Probelm with renewing SSL certs

Hi I have intended renew my expired certs, webmail... cpanel... etc. In the web interface the renewing is success aparently, but when I reload the webpage, the advice tahr "expired" is still there.  When I check in /etc/pki/tls/certs the .cert files, effectively, they are expired. Somethig is avoiding that the .cert or blundle files be rewriting.
How can I resolv this problem please?? Regards.

Possibly a bug from CWP.
This happened to me migrating domains from another server.
Once the domain was renewed manually, now the renewing process is automatic again.

Try to create a script, named like 'renew-cert.sh', to renew manually:

Code: [Select]

#!/bin/bash

DOM=${1}
/root/.acme.sh/acme.sh --home /root/.acme.sh/cwp_certs --renew --ecc -d ${DOM} --force

Change permissions:

Code: [Select]

# chmod 700 renew-cert.sh
And run the script (replacing "domain.com" with your domain):

Code: [Select]

# ./renew-cert.sh domain.com
Regards,
Netino

I tried with the script, it was going well but finally I got the next error:

cxxxxxxxxxxx.cxx: Invalid status. Verification error details: 157.90.211.236: Fetching http://cxxnxxxx.com/.well-known/acme-challenge/rxt3tCYUqpgL_DtbRhDA7ik31_RQrp_bt1cvzc1jXyk: Timeout during connect (likely firewall problem)
[Mon May 12 13:12:40 -05 2025] Please check log file for more details: /root/.acme.sh/cwp_certs/acme.sh.log
[root@ ~]#

And effectively, I have migrated this domain from another server. our help please. Thanks.

Is your firewall allowing in & outbound port 80? Is iptables configured similarly to this:

Code: [Select]

iptables -A INPUT -m conntrack --ctstate ESTABLISHED,RELATED -j ACCEPTYou could temporarily disable the CSF firewall (csf -x) and test a renewal, either from the CWP web GUI or via Netino's script. This would tell you if it is a firewall problem, which it would appear to be.

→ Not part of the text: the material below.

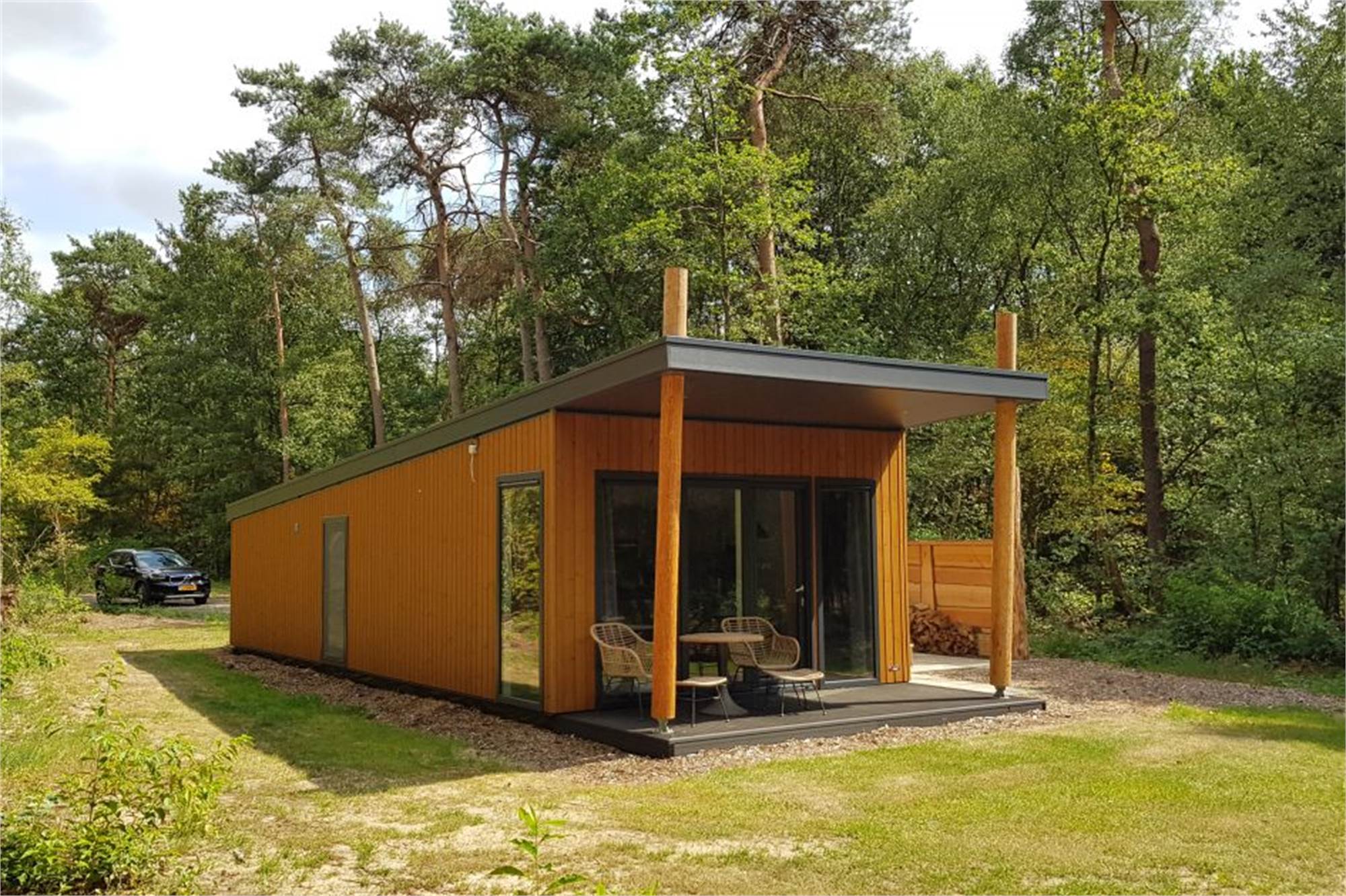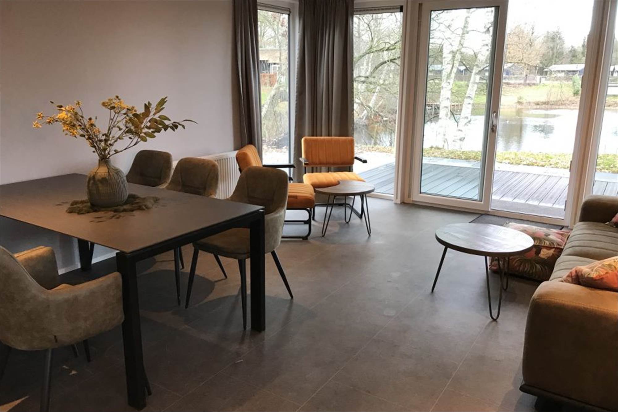 This single-storey bungalow sleeps 6 and has a living room with seating area and a smart TV. The kitchen includes a dishwasher, a combination microwave and a fridge with a freezer compartment. It has both a coffee pad machine and a filter coffee machine. There are 3 bedrooms, 2 with 2 single beds and 1 with a bunk bed. The bathroom has a walk-in shower and there is a separate toilet. The lodge has a garden with a veranda and a covered terrace with patio furniture. Parking space is available for 1 car at the lodge, and you can make use of the free Wi-Fi.

Ah but the website is in other server that I dont adimistrate. How can I to change the comprobation mode?

Ah but the website is in other server that I dont adimistrate. How can I to change the comprobation mode?

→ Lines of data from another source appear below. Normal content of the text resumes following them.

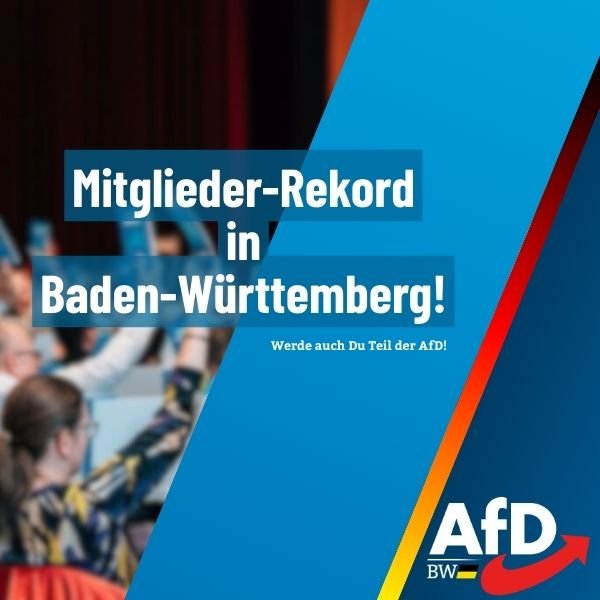 Wir als AfD Baden-Württemberg schreiben Geschichte: Unser Landesverband wächst so stark wie nie zuvor – und wir stehen geschlossener da denn je. Unsere Mitgliederentwicklung auf Rekordkurs!   In weniger als drei Jahren hat sich unsere Mitgliedschaft mehr als verdoppelt. Dieser enorme Zula...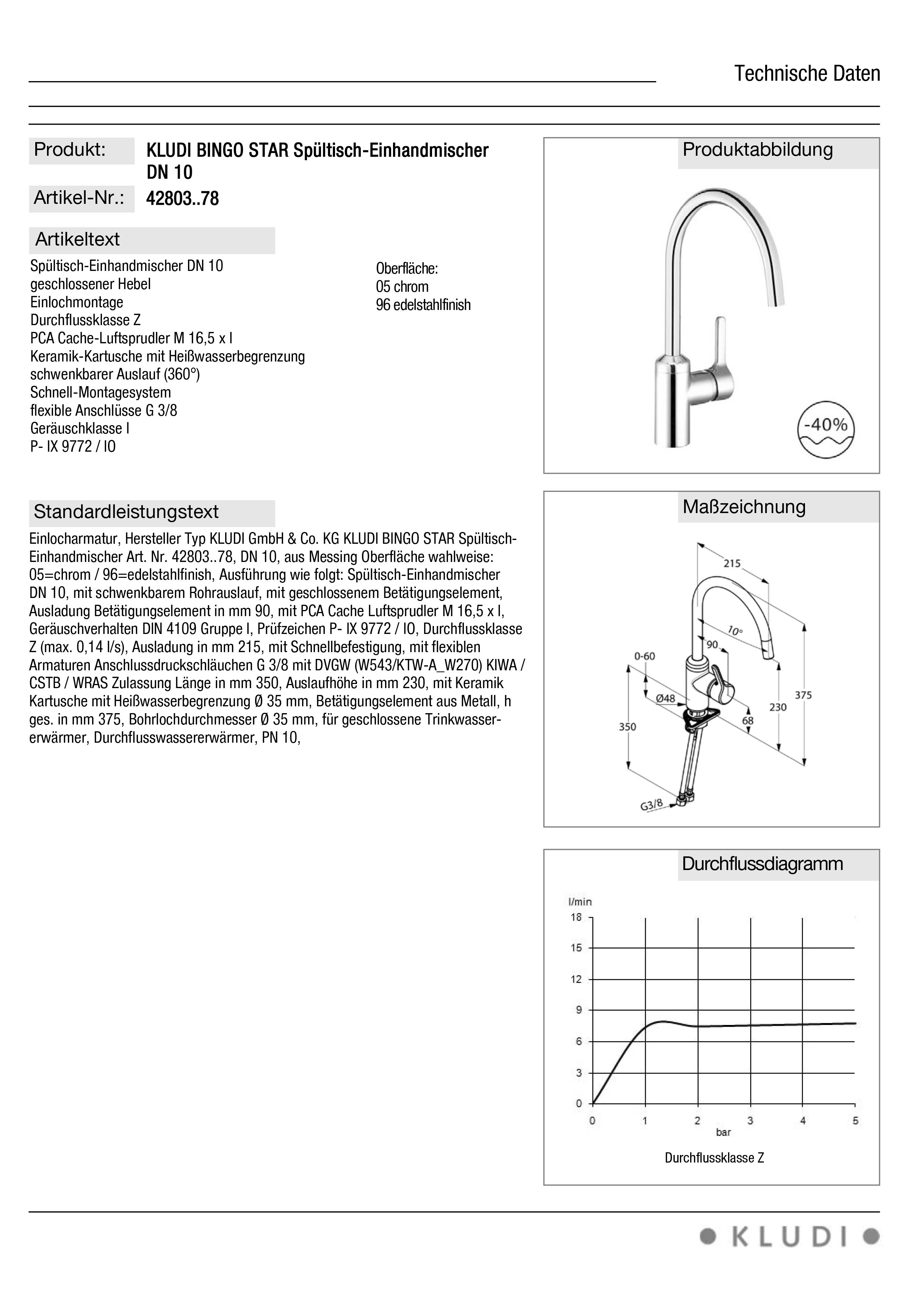 KLUDI BINGO STAR Spültisch-Einhandmischer aus Messing Oberfläche 96=edelstahlfinish, mit schwenkbarem Rohrauslauf, mit geschlossenem Betätigungselement, Ausladung Betätigungselement in mm 90, mit PCA Cache Luftsprudler M 16,5 x I, Geräuschverhalt en DIN 4109 Gruppe I, Prüfzeichen P- IX 9772 / IO, Durchflussklasse Z (max. 0,14 l/s), Ausladung in mm 215, mit Schnellbefestigung, mit flexiblen Armaturen Anschlussdruckschläuchen G 3/8 mit DVGW (W54 3/KTW-A W270) KIWA / CSTB/ WRAS Zulassung Länge in mm 350, Auslaufhöhe in mm 230 , mit Keramik Kartusche mit Heißwasserbegrenzung D 35 mm, Betätigungselement aus Metall, h ges. in mm 375, Bohrlochdurch messer D 35 mm, für geschlossene Trinkwassererwärmer, Durchflusswassererwärmer, PN 10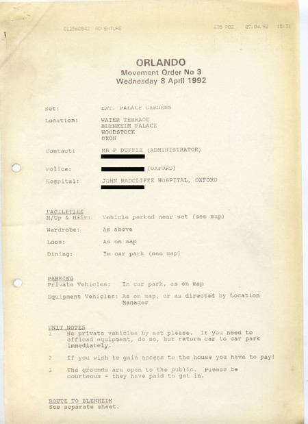 Description Second Movement Order No3. Typed A4 sheet. Faxed copy.

You simply can't get certificates via LetsEncrypt in apache mode if you can't save tokens in a specific are of the web server.
But with another app (certbot) in DNS mode, you could.
You manage the DNS server of these sites?

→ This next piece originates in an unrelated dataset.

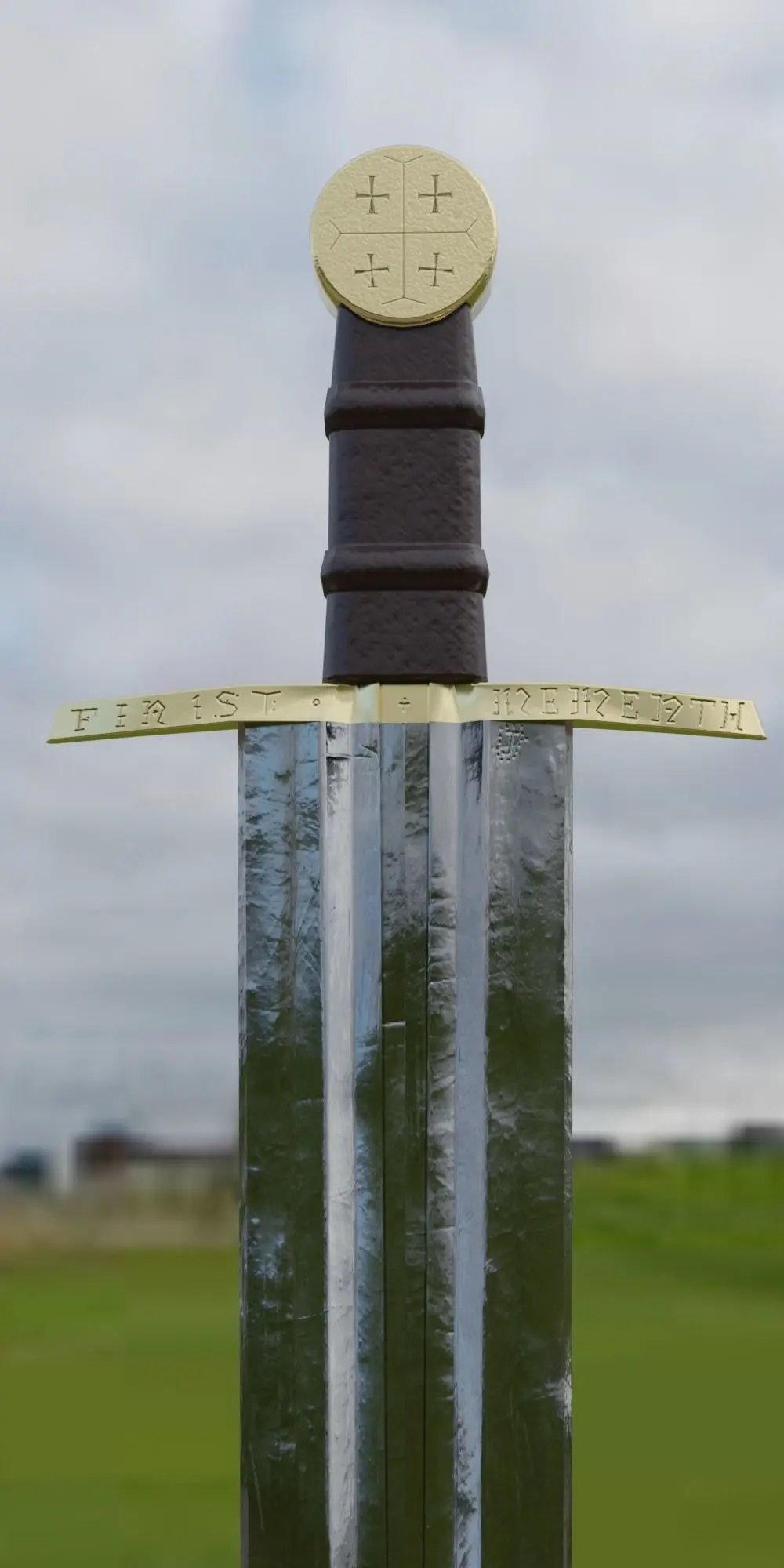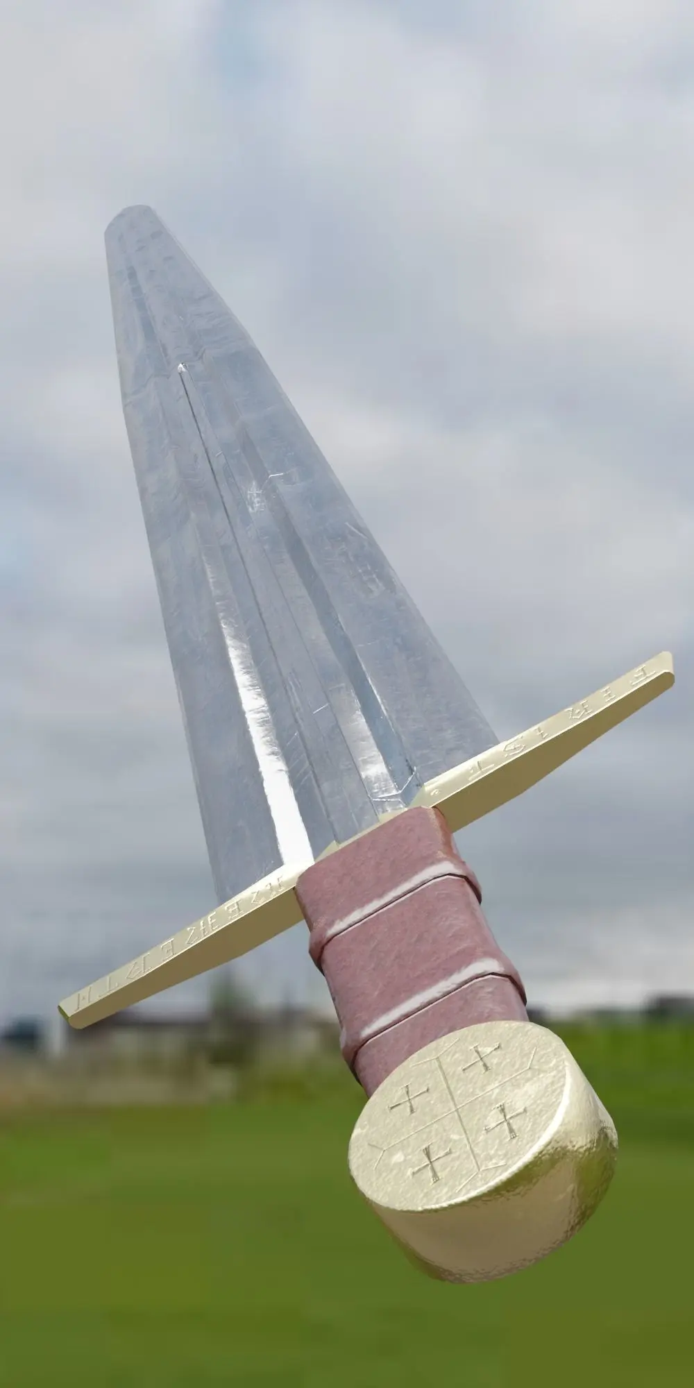 Steel sword, gilded garda(cross) with runic inscriptions, leather hilt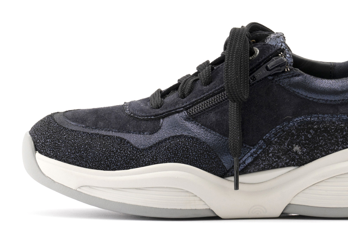 柔らかなスエードを土台に、表情豊かなレザーを巧みに配置。複数の素材が放つ光沢が、スポーティなシルエットにリュクスな雰囲気を添え、足元をエレガントに彩ります。また、ネイビーのアッパーに明るいグレーのソールを合わせることで、シーズンレスな一足に仕上げました。明るい色の服装が多い春夏には全体を引き締めるアクセントに、暗い色が多い秋冬には重くなりすぎない差し色として活躍します。

Hi, of course, I manage the DNS ZOne of the domain.... Then, how can I procedure?

Use certbot (an ACME client) and run with a configuration like this (obtaining an API key from your DNS provider -- Cloudflare, in this example):
/etc/letsencrypt/renewal/yourdomain.com.conf

Code: [Select]

# renew_before_expiry = 30 days
version = 1.8.0
archive_dir = /etc/letsencrypt/archive/yourdomain.com
cert = /etc/letsencrypt/live/yourdomain.com/cert.pem
privkey = /etc/letsencrypt/live/yourdomain.com/privkey.pem
chain = /etc/letsencrypt/live/yourdomain.com/chain.pem
fullchain = /etc/letsencrypt/live/yourdomain.com/fullchain.pem

# Options used in the renewal process
[renewalparams]
account = YOURAPIKEYHERE
authenticator = dns-cloudflare
dns_cloudflare_propagation_seconds = 60
dns_cloudflare_credentials = /some/path/conf/yourdomain.com.key
server = https://acme-v02.api.letsencrypt.org/directoryThen you just call certbot renew in cron and it will renew your SSL cert 30 days before expiry.

Hi, thanks by your reply..... What about if does not exist the folders letsencrypt/renewal/  in /etc??

Read and follow certbot's documentation. https://certbot.eff.org/instructions?ws=apache&os=snap
You should run certbot from the CLI manually once to set it up, then edit the config to switch to DNS mode.

Code: [Select]

sudo certbot --apacheMy example was specifically for Cloudflare, so you may have to adapt it to your situation.